■ DATASET EXCERPTS:
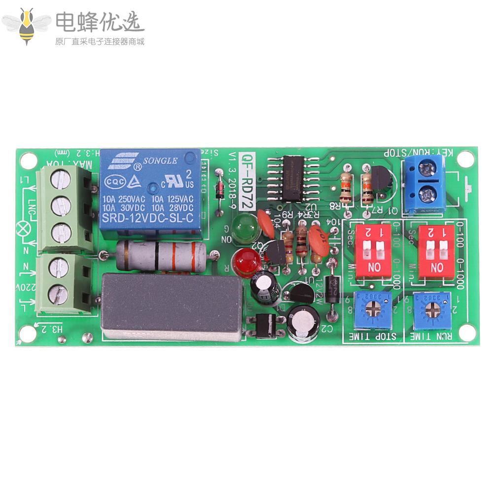功能:具有启停功能,模块启动后进入死循环模式,继电器按设定时间通断。
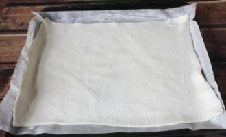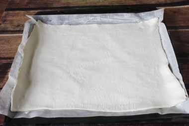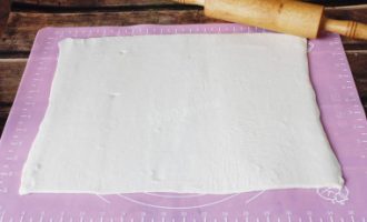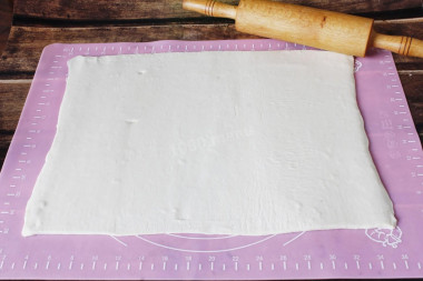 - Тесто разморозьте при комнатной температуре. Пласт разделилите еще на 2 части, так как нам понадобится два листа. Раскатайте тесто в прямоугольник размером примерно 23 на 30 сантиметров.
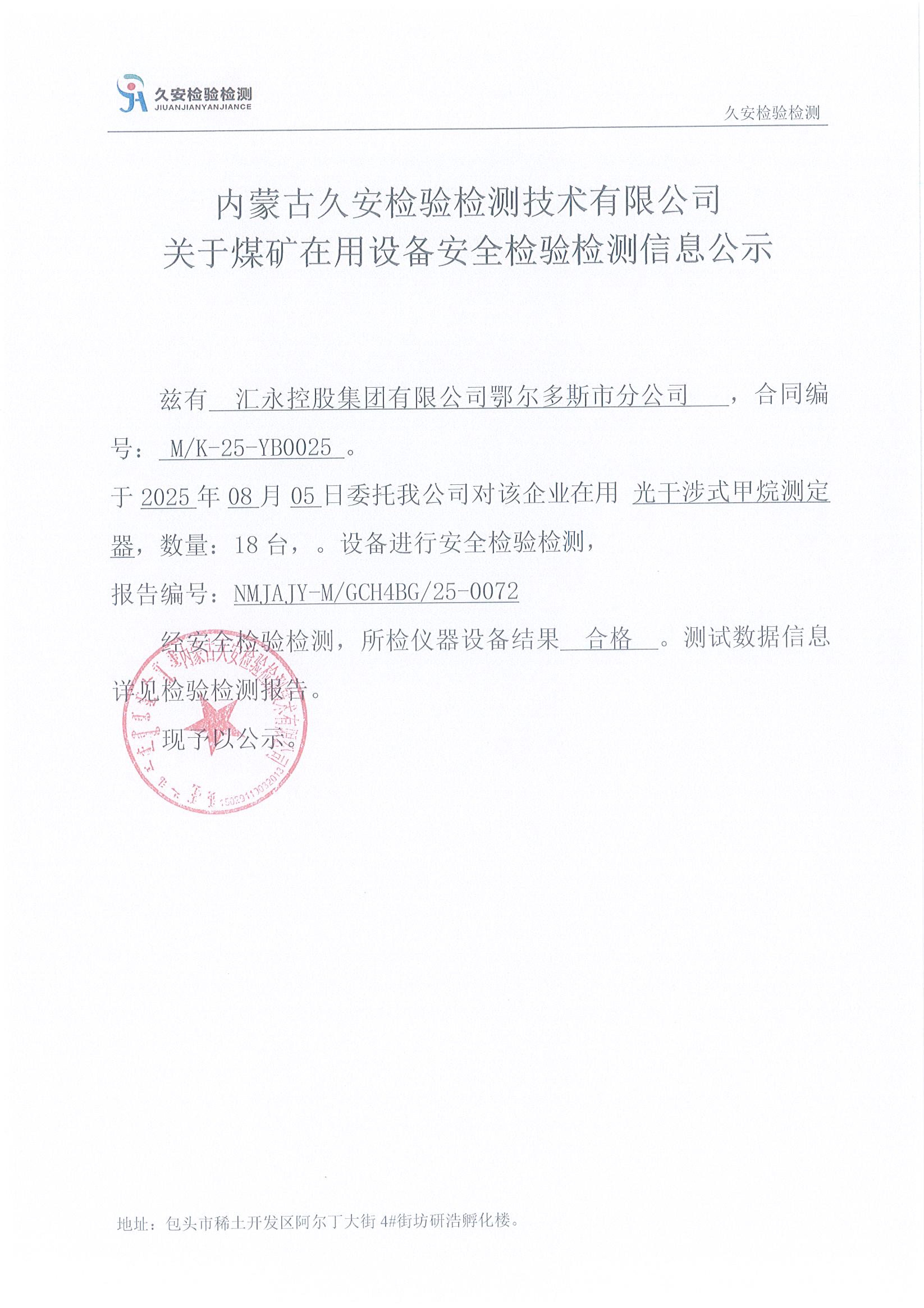 14、汇永控股集团有限公司鄂尔多斯市分公司煤矿在用设备安全检验检测信息公示
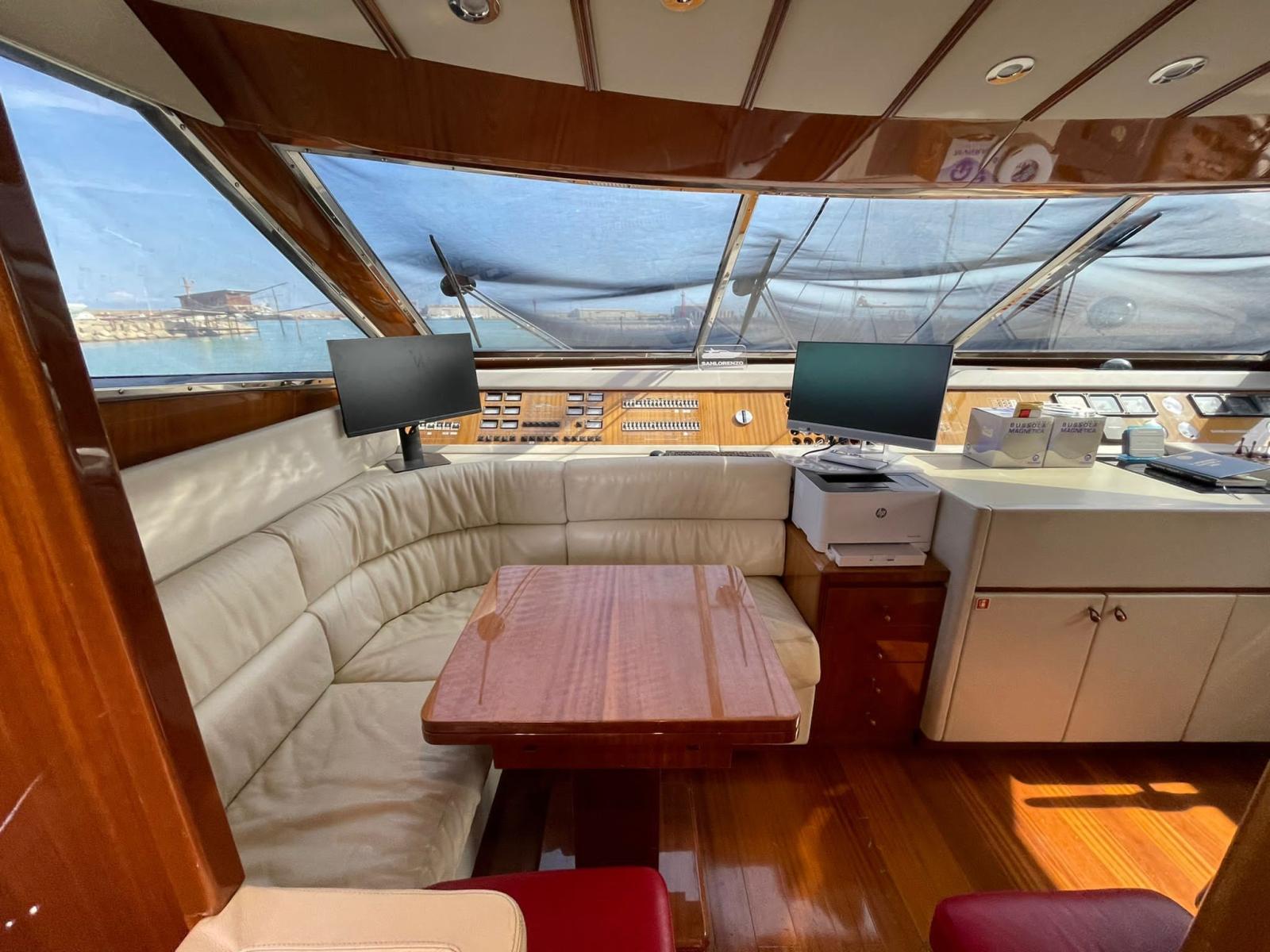 Lavori 2019/2020: accesso sala macchine da poppa - sostituzione di tutti i wc con moderni Tecma - tutte luci LED - smontaggio, verifica, equilibratura linee d'asse (assi e cavalletti) ed eliche - sostituzione delle boccole dei cavalletti - pulizia scambiatori di calore motori principali - revisione turbine - realizzazione di due sportelli laterali al pozzetto per l'accesso a bordo quando si ormeggia a murata - sostituzione di tutte le batterie (motori, servizi, gruppi elettrogeni) - sostituzione di tutti i mobili e elettrodomestici della cucina - sostituzione delle due ancore di ormeggio e relative catene - realizzazione di un bimini top fisso sulla postazione di guida del flying bridge - sostituzione di tutte le casse acque grigie e nere - ristrutturazione alloggio equipaggio - istallazione nuovo dissalatore Idromar - sostituzione manette con elettroniche - istallazione elica di poppa - nuovi caricabatterie e inverter - revisione di tutte le pompe di bordo - terza stazione di comando a poppa più quarta stazione wireless - sostituzione di tutte le prese a mare e valvole - sostituzione tenute idrauliche assi.
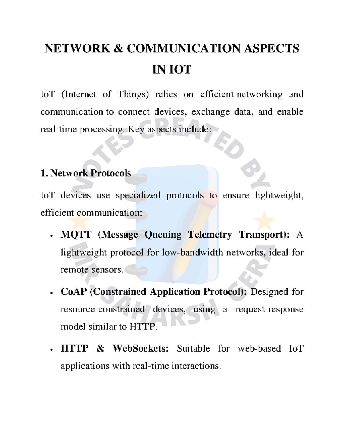 28 Network Communication Aspects in IoT: Protocols & Technologies - Studocu
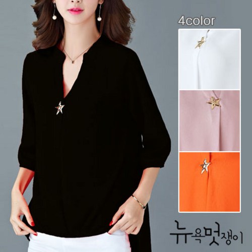 뉴욕멋쟁이 골든별 언발 쉬폰 롱블라우스 쉬폰블라우스 여성 블라우스 카라 빅사이즈여성
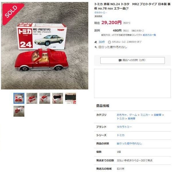 2025年4月17日にヤフオクに出品され、18日に終了。トミカ78-6-1NSXの裏板にMR-2プロトタイプのものが使用されている「トミカ78-6-8NSX(MR-2プロトタイプベース)」は、2015年に香港のコレクターからやっと入手できたが、その逆パターンが存在することはこの出品物を見るまで知らなかった。
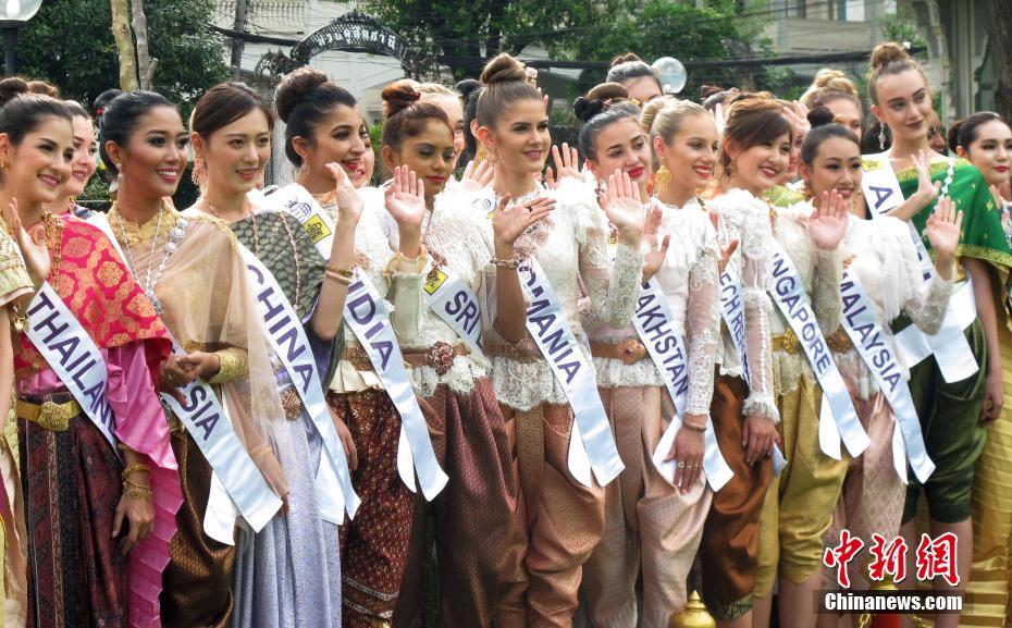 5月10日,2018年国际旅游小姐冠军总决赛在泰国曼谷举行,来自55个国家和地区的参赛佳丽在曼谷参观皇宫、寺庙、文化展览。图为参赛的中国佳丽吴丹(左三)与其他国家和地区的佳丽一同亮相曼谷。 中新社记者 钱兴强 摄
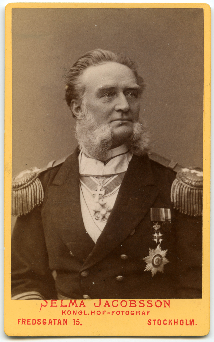 Titel: Porträtt på Ludvig Gustaf Sigfrid Pantzerhielm. Född 13 november år 1819 i Klinte på Gotland och död 9 augusti år 1905 i Stockholm.
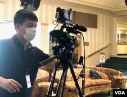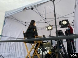 洛杉矶圣安尼塔公园投票站,美国之音摄影师Roy Kim正在调试机器,为即将进行的中文部连线做准备。(雨舟2020年11月3日拍摄)
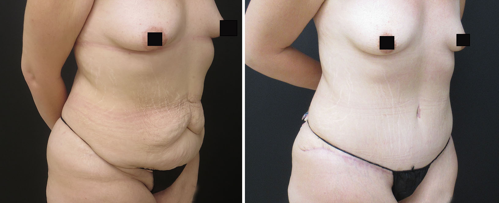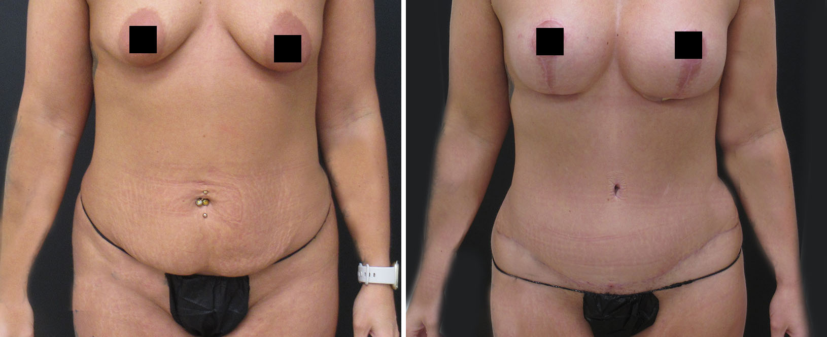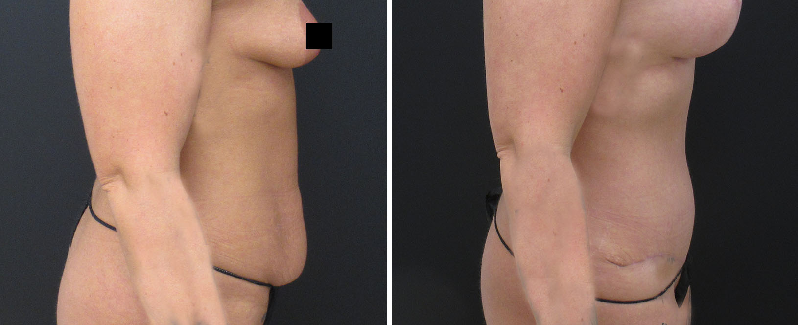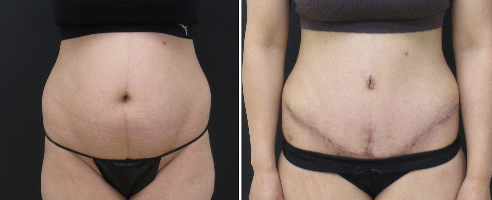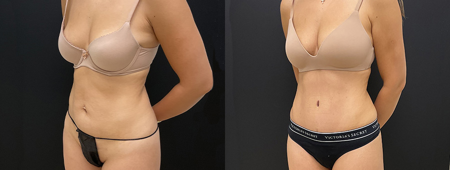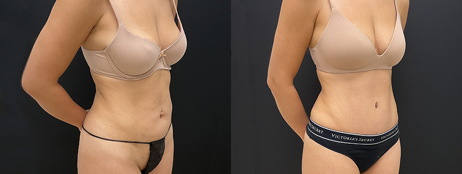 This 35-year-old (5’0”, 110lbs) mother of two had previously undergone liposuction to the anterior abdomen, resulting in some lumpiness and unsatisfactory skin tightening. She underwent provision liposuction, and an abdominoplasty, no muscle tightening was required. Her postoperative photographs are taken three months after surgery.

■ EXERCISE DESCRIPTION: Skip the pictures and quote each line of the entries above, from the first through the line with "14、汇永控股集团有限公司鄂尔多斯市分公司煤矿在用设备安全检验检测信息公示", exactly as it appears.

■ ANSWER TO THE PROBLEM:
功能:具有启停功能,模块启动后进入死循环模式,继电器按设定时间通断。
 - Тесто разморозьте при комнатной температуре. Пласт разделилите еще на 2 части, так как нам понадобится два листа. Раскатайте тесто в прямоугольник размером примерно 23 на 30 сантиметров.
 14、汇永控股集团有限公司鄂尔多斯市分公司煤矿在用设备安全检验检测信息公示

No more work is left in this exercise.